I thought that too the Auratus started bullying a few tetra to carved out a spot, but they started ganging up on him, these guys move in swarms moving way to fast for him. For now they got a truce. Everybody seems pretty happy. He's playing on side of the tank, not paying anybody any attention. He stay on the bottom other guys in middle and up top. If anything the tetra seem to be harassing him more than the other way around, but I'll keep an eye on them. Only spot I can move him to is in with the jewel and the plec once they have been cleared - he would have definitely been in danger if I left him with the Oscar (Debo) and his boy that wants him dead. I think he realizes that and is just trying glad he can breath normally. 

The other Auratus does fine - I feed the Oscar a block of bloodworms and while he's trying to wolf it all down, I feed everybody else flakes and cichlid chips. I also got some veggie flakes for him - Oscar not interested in flakes he gulps down 5 pellets without stopping - greedy little guy. 

Thanks for the feedback - think the jewel and Auratus will play nice? They're about the same size. Jewel nips at the plec tail trying to muscle him out the log, but he smack him with, and says go away little man. Fun to watch these guys.. 

Tell me what you feel - I can always get another 40 or 55 if that's what it takes.


----------



## coralbandit (Jul 29, 2012)

It is not recommended to mix cichlids.South American and Africans can seem to get along for a bit of time but eventually will end up killing each other.Besides they have totally different water and feeding preferences.
Even if you get a huge tank you still have low odds of mixing all th different fish you have.
I would re home both your Africans and the plecos,then get the jewel in with the oscar if possible.
Live food(your fry) is not the best choice nutritionally for your oscar and eventually can causse health issues.


----------



## Fadil13 (Jan 15, 2014)

coralbandit said:


> It is not recommended to mix cichlids.South American and Africans can seem to get along for a bit of time but eventually will end up killing each other.Besides they have totally different water and feeding preferences.
> Even if you get a huge tank you still have low odds of mixing all th different fish you have.
> I would re home both your Africans and the plecos,then get the jewel in with the oscar if possible.
> Live food(your fry) is not the best choice nutritionally for your oscar and eventually can causse health issues.


I could make the 29g a African tank, even though the two Africans do not get along right now, maybe a couple more tank mates can bring enough distraction that the larger one will stop hunting the smaller guy. I plan on putting in sand, and a few cichlids blocks, and making it all Africans.. 

The Jewel and the pleco should be ok with the Oscar? Eventually the Oscar will go to a bigger tank. Might have to get rid of the pictus cats though.. If not, I'll move them to the 29g. Think I'm going take all the guppies, and one of the Africans back to LFS, and use the 55g as a cichlids tank.

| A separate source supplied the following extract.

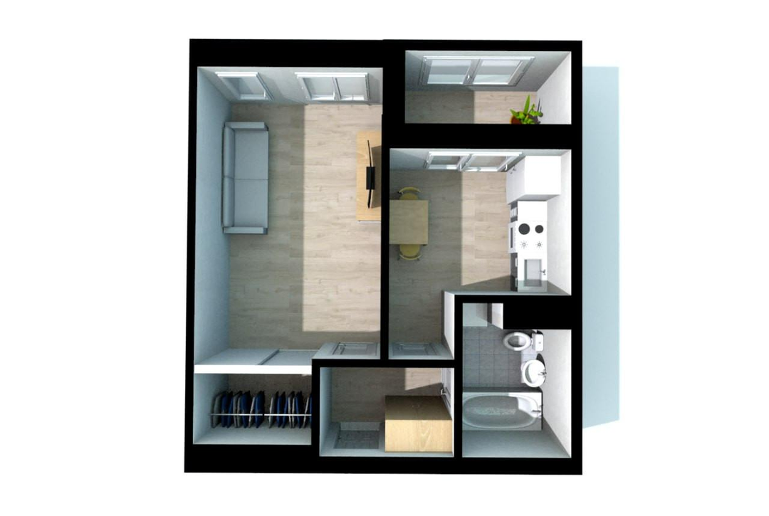 В квартире 3 окна, что обеспечивает максимальную освещенность и естественную инсоляцию.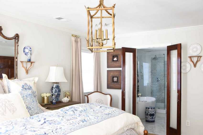 - В спальне не стоит устанавливать люстру больших размеров, особенно если это красивая маленькая спальня. Даже такой незначительный промах может изрядно испортить общее впечатление от спальной комнаты.

Are we talking about the same fish, or did I get that mixed up too.


----------



## Botiadancer (Dec 30, 2013)

Question for Mr. Bandit: (well... for everyone really)

If you gut load the guppies (which in Fadil's case are not your normal feeders, but healthy fish), would that not be a good diet (or at least a supplement) for an Oscar or other large carnivorous fish?

I have no personal experience with feeder fish - I've always kept smaller fish or used pellets.


----------



## coralbandit (Jul 29, 2012)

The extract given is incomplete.